Legislators coming for the SHSAT 1

Assemblyman Walter Mosley joined a group of legislators committed to repealing the Hecht-Calandra Act, which stops New York City from changing the admissions process at its “elite eight” specialized high schools.

The momentum of the Black Lives Matter movement is beginning to carry over into education reform.

Teens Take Charge, a student-led organization, gathered a group of legislators on Monday to advance their goal of doing away with the Specialized High School Admissions Test to address the disproportionately low enrollment of black and Hispanic students offered in the city’s “elite eight.”

The group hosted legislators from Brooklyn and Manhattan who are committed to passing a repeal of the Hecht-Calandra Act of 1971, a law that stops New York City from being able to make decisions about admissions to its specialized high schools, which the group deemed to be racist and outdated.

“Black lives should matter in situations just like this, where inequities and inequalities are perpetuated in our public school systems – a public school system, which we know is segregated,” said the bill’s co–prime sponsor, Assemblyman Walter Mosley (D-Brooklyn).

In 2020, Stuyvesant High School, the most competitive of the eight testing specialized high schools, only offered 10 spots to black students out of 766 total offers.
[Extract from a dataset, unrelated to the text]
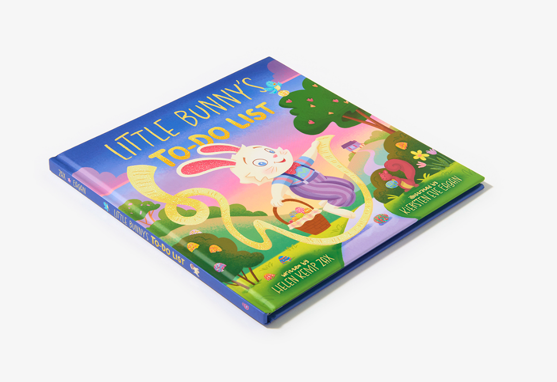 The textured glitter-stamped cover is so inviting that young readers will be eager to accompany Little Bunny during his very busy day, and they will be in for another sparkly surprise when they unfold a secret flap at the end of the book to see all the items in Little Bunny’s to-do list checked off in glittery ink!
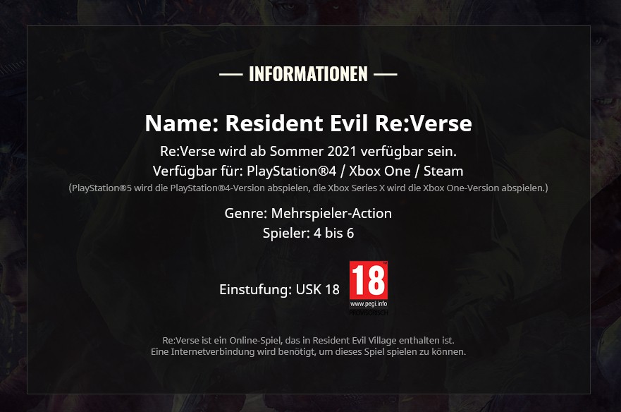 Capcom: „Zur Feier des 25-jährigen Jubiläums der Serie werden beliebte Resident Evil Charaktere und Biowaffen im Mehrspieler-Erlebnis Resident Evil Re:Verse zusammenkommen. Spieler*innen starten als menschlicher Charakter in 4- bis 6-Spieler-Deathmatches gegeneinander. Einmal tödlich getroffen, wird der Charakter als Biowaffe ins Spiel zurückkehren und Spieler*innen können Rache üben. Während der Runden können Virusfläschchen gesammelt werden. Je mehr Fläschchen als menschlicher Charakter gesammelt werden, desto stärker wird die Biowaffe sein, als die Spieler*innen zurückkehren. Das Mehrspieler-Erlebnis Resident Evil Re:Verse ist kostenlos für Besitzer von Resident Evil Village und erscheint für PlayStation 4, Xbox One und den PC. Besitzer einer Version von Resident Evil Village für PlayStation 5 oder Xbox Series X|S können über die Abwärtskompatibilität auf das Spiel zugreifen.“

The legislators’ plan to begin changing the admissions in Albany comes after Mayor Bill de Blasio failed to do so last year.

Forty years ago, the Hecht-Calandra Act was created after an Upper West Side Manhattan superintendent of schools asserted that in Bronx High School of Science “‘culturally’ oriented examinations worked to ‘screen out’ black [sic] and Puerto Rican students who could succeed at the school.”

When then-Chancellor Harvey Scribner appointed 23 members to a committee to examine the specialized high schools admission process, Sen. John Calandra, a Bronx Republican, and Assemblyman Burton Hecht, a Bronx Democrat, wrote the bill, which aimed to “protect the current status and quality of specialized academic high schools in New York City.”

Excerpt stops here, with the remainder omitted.